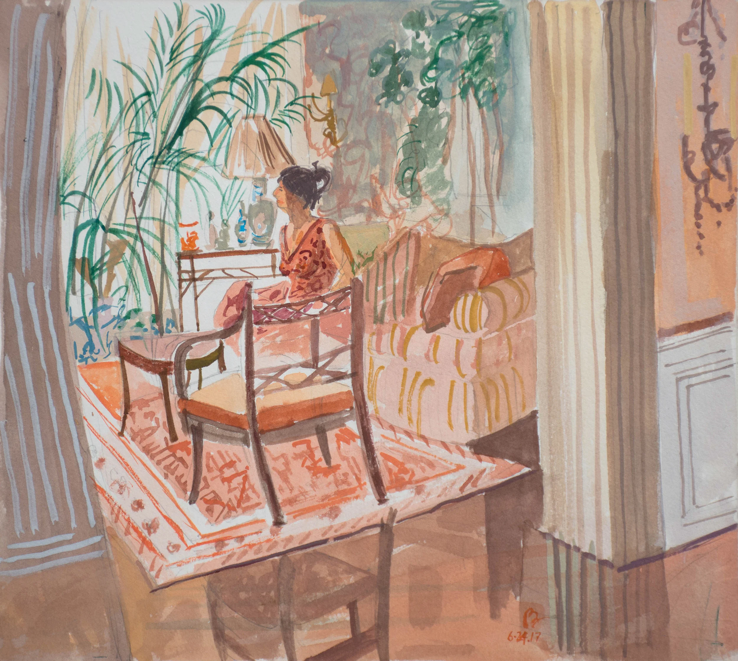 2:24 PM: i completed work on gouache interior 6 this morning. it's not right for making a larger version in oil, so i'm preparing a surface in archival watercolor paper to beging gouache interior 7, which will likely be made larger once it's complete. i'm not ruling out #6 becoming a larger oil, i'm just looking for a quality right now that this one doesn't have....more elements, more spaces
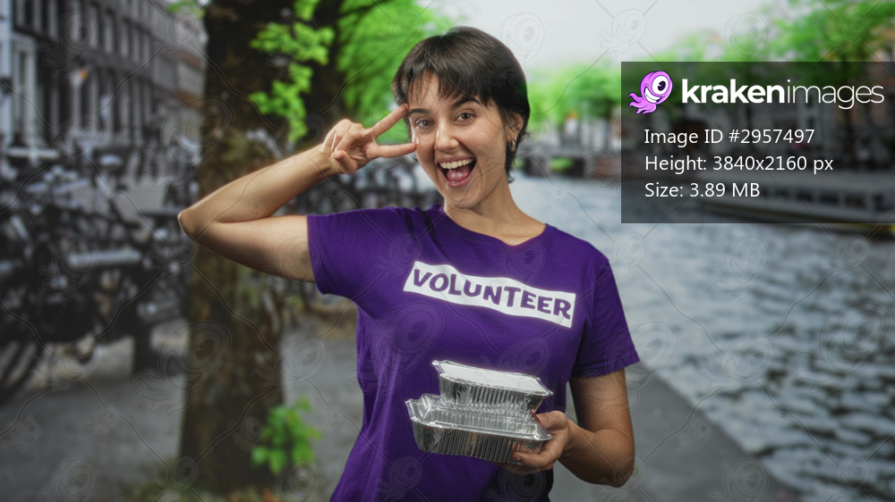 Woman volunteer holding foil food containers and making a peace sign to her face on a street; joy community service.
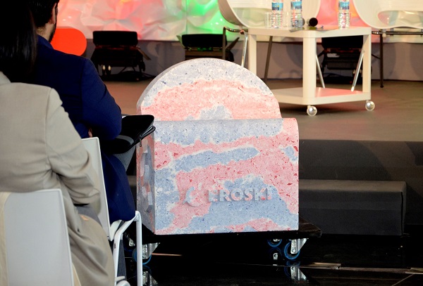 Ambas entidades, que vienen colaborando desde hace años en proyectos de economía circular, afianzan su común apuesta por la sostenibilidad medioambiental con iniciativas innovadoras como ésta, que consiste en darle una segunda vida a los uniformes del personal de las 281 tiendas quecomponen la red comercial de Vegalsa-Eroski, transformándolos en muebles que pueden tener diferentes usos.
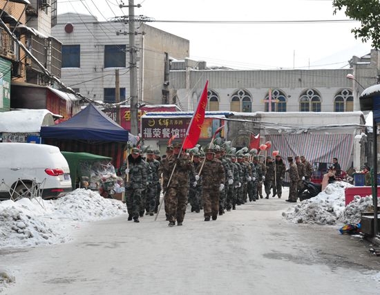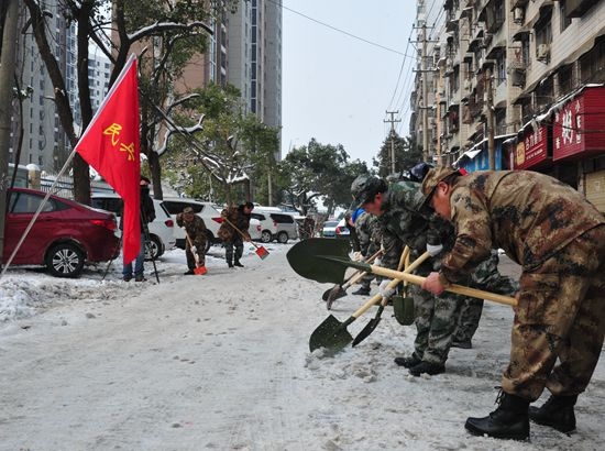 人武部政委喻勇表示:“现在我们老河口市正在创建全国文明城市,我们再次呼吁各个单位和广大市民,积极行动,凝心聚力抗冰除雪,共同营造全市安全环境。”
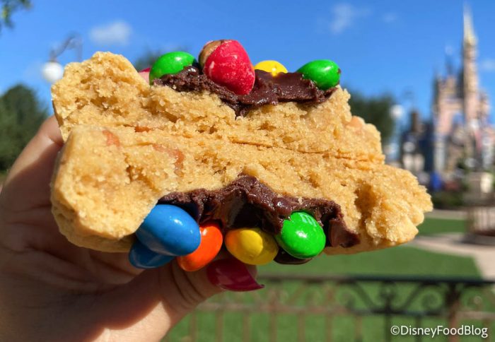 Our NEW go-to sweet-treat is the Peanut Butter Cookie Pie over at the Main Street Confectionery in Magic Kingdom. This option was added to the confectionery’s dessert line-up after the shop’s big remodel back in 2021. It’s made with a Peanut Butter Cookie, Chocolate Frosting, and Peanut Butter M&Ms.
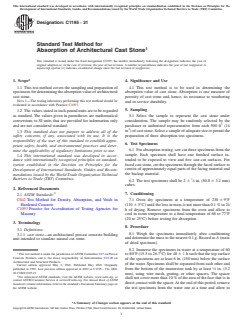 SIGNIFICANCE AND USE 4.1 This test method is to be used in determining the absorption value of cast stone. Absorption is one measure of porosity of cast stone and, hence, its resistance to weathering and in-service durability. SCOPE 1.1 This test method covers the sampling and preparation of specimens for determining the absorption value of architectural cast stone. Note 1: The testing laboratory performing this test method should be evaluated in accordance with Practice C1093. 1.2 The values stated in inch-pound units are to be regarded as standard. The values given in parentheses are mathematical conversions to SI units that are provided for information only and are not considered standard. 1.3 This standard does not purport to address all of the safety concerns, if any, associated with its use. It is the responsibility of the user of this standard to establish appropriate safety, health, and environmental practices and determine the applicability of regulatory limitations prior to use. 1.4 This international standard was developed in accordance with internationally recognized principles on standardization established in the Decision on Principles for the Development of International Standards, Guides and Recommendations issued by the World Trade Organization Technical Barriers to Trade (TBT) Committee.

▬▬▬▬▬▬▬▬▬▬

INSTRUCTIONS FOR THE TASK - The records above need to be reproduced exactly, with all images omitted.

WRITTEN SOLUTION -
 2:24 PM: i completed work on gouache interior 6 this morning. it's not right for making a larger version in oil, so i'm preparing a surface in archival watercolor paper to beging gouache interior 7, which will likely be made larger once it's complete. i'm not ruling out #6 becoming a larger oil, i'm just looking for a quality right now that this one doesn't have....more elements, more spaces
 Woman volunteer holding foil food containers and making a peace sign to her face on a street; joy community service.
 Ambas entidades, que vienen colaborando desde hace años en proyectos de economía circular, afianzan su común apuesta por la sostenibilidad medioambiental con iniciativas innovadoras como ésta, que consiste en darle una segunda vida a los uniformes del personal de las 281 tiendas quecomponen la red comercial de Vegalsa-Eroski, transformándolos en muebles que pueden tener diferentes usos.
 人武部政委喻勇表示:“现在我们老河口市正在创建全国文明城市,我们再次呼吁各个单位和广大市民,积极行动,凝心聚力抗冰除雪,共同营造全市安全环境。”
 Our NEW go-to sweet-treat is the Peanut Butter Cookie Pie over at the Main Street Confectionery in Magic Kingdom. This option was added to the confectionery’s dessert line-up after the shop’s big remodel back in 2021. It’s made with a Peanut Butter Cookie, Chocolate Frosting, and Peanut Butter M&Ms.
 SIGNIFICANCE AND USE 4.1 This test method is to be used in determining the absorption value of cast stone. Absorption is one measure of porosity of cast stone and, hence, its resistance to weathering and in-service durability. SCOPE 1.1 This test method covers the sampling and preparation of specimens for determining the absorption value of architectural cast stone. Note 1: The testing laboratory performing this test method should be evaluated in accordance with Practice C1093. 1.2 The values stated in inch-pound units are to be regarded as standard. The values given in parentheses are mathematical conversions to SI units that are provided for information only and are not considered standard. 1.3 This standard does not purport to address all of the safety concerns, if any, associated with its use. It is the responsibility of the user of this standard to establish appropriate safety, health, and environmental practices and determine the applicability of regulatory limitations prior to use. 1.4 This international standard was developed in accordance with internationally recognized principles on standardization established in the Decision on Principles for the Development of International Standards, Guides and Recommendations issued by the World Trade Organization Technical Barriers to Trade (TBT) Committee.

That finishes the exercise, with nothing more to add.